From a mathematical point of view the initial and boundary conditions provided above are sufficient.

However mathematica warns that "an insufficient number of boundary conditions have been specified" and as a result "Artificial boundary effects may be present in the solution".

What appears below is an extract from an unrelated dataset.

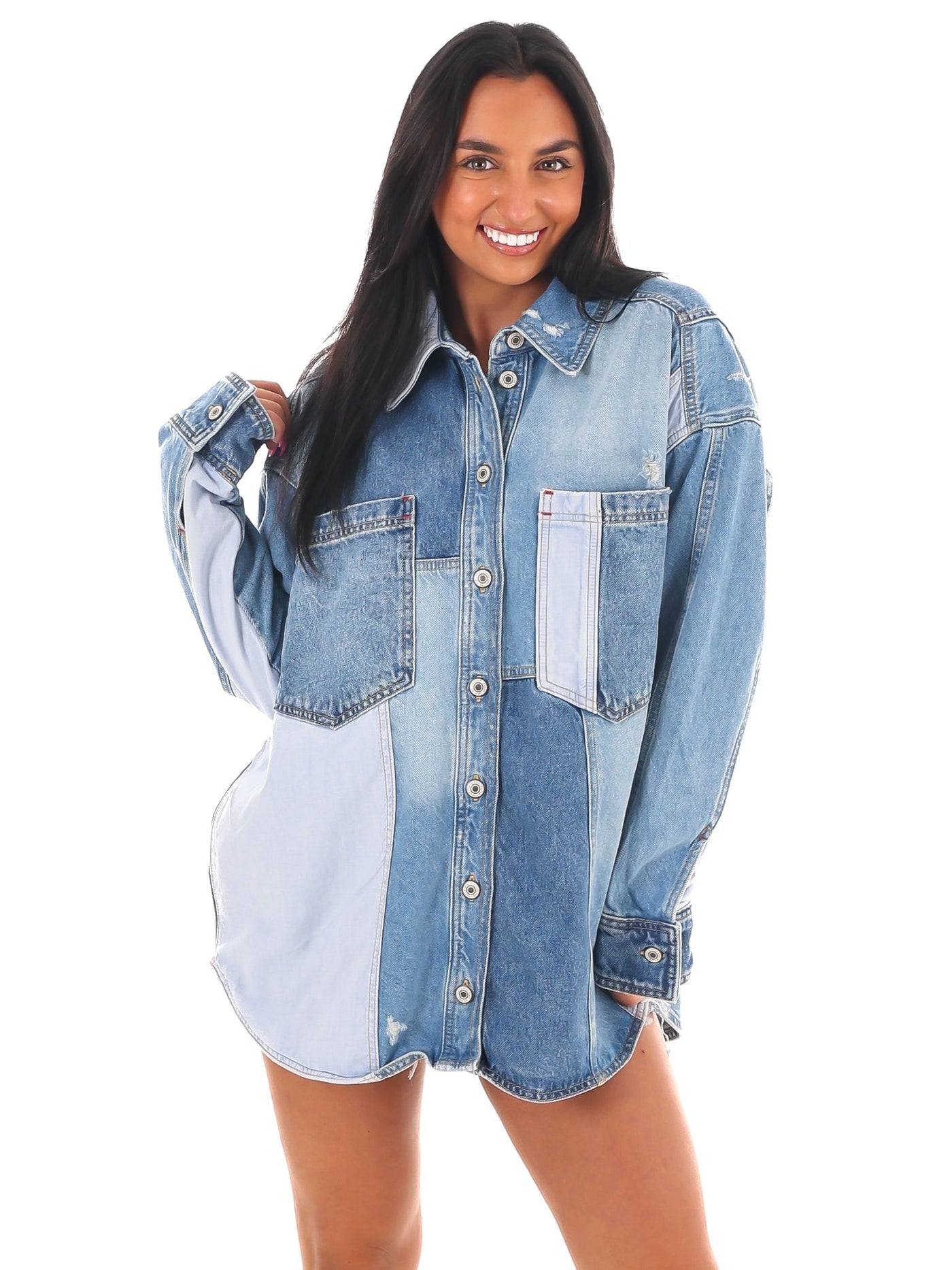 Features: Slouchy relaxed fit, oversized style, button-front closure, classic collar, rounded bottom hem, patched denim fabrication
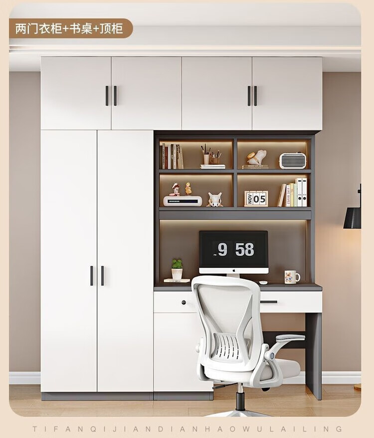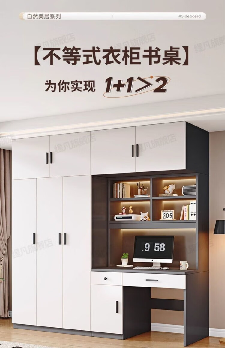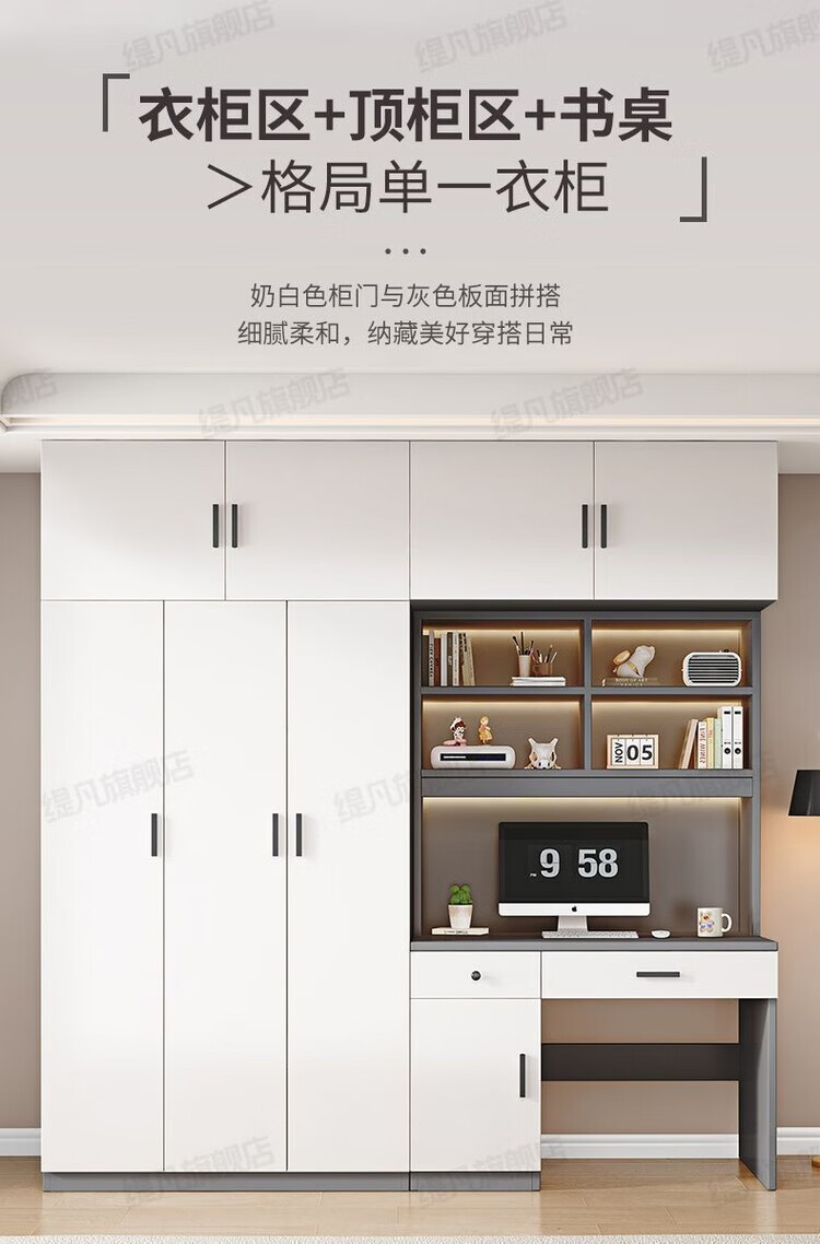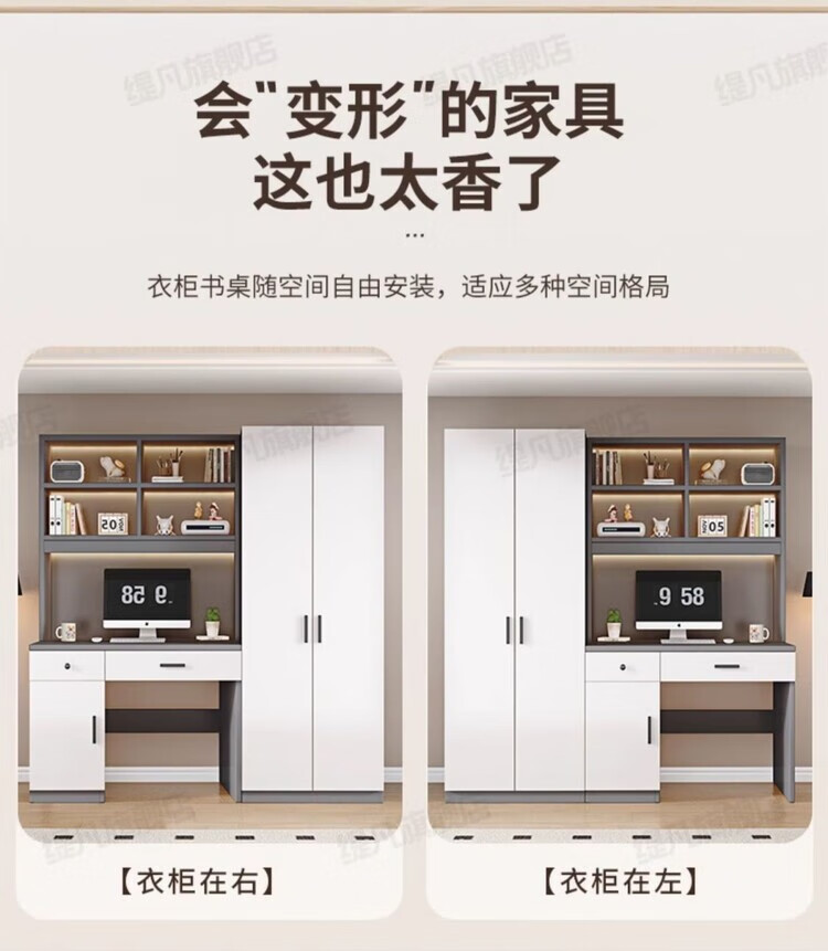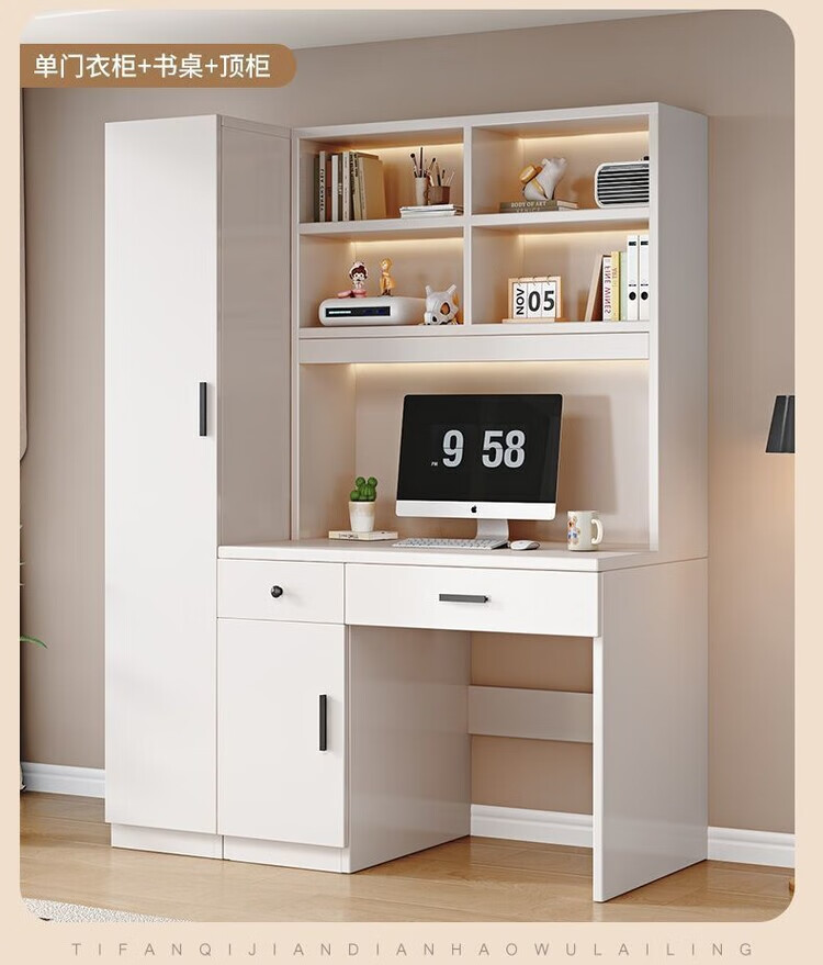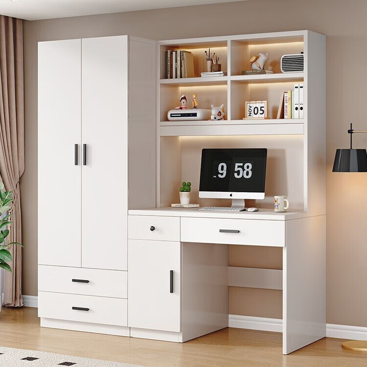 欣慕雅实木书桌衣柜一体组合电脑桌小户型写字台衣柜家用卧室组装可定制 雪白1.3m单门书桌 实木送货入户自己安装【支持定制】

So there must be something wrong with my code

(*Constructing initial conditions*)
wo[z_] := -Sin[z*π]^2
yo[z_] := 1
s = NDSolve[{x'[z] == wo[z], x[0] == 0}, {x}, {z, 0, -1}] 
xo[z_] := First[x[z] /. s]


(*Evolution of initial conditions towards t=1*)
equations := {D[yt[t, z], t] == xt[t,z]*D[wt[t, z], z], 
  D[wt[t, z], t] == D[yt[t, z], z], 
  D[xt[t, z], z] == wt[t, z], wt[0, z] == wo[z], yt[0, z] == yo[z], 
  wt[t, 0] == 0, wt[t, -1] == 0, xt[t, 0] == 0, xt[0, z] == xo[z]}
system = NDSolve[equations, {wt , yt, xt}, {z, 0, -1}, {t, 0, 1}]

I get three errors (NDSolve::pdord, NDSolve::bcart, NDSolve::ndcf), the second being "insufficient number of boundary conditions," but I cannot see what went wrong. Can anyone help?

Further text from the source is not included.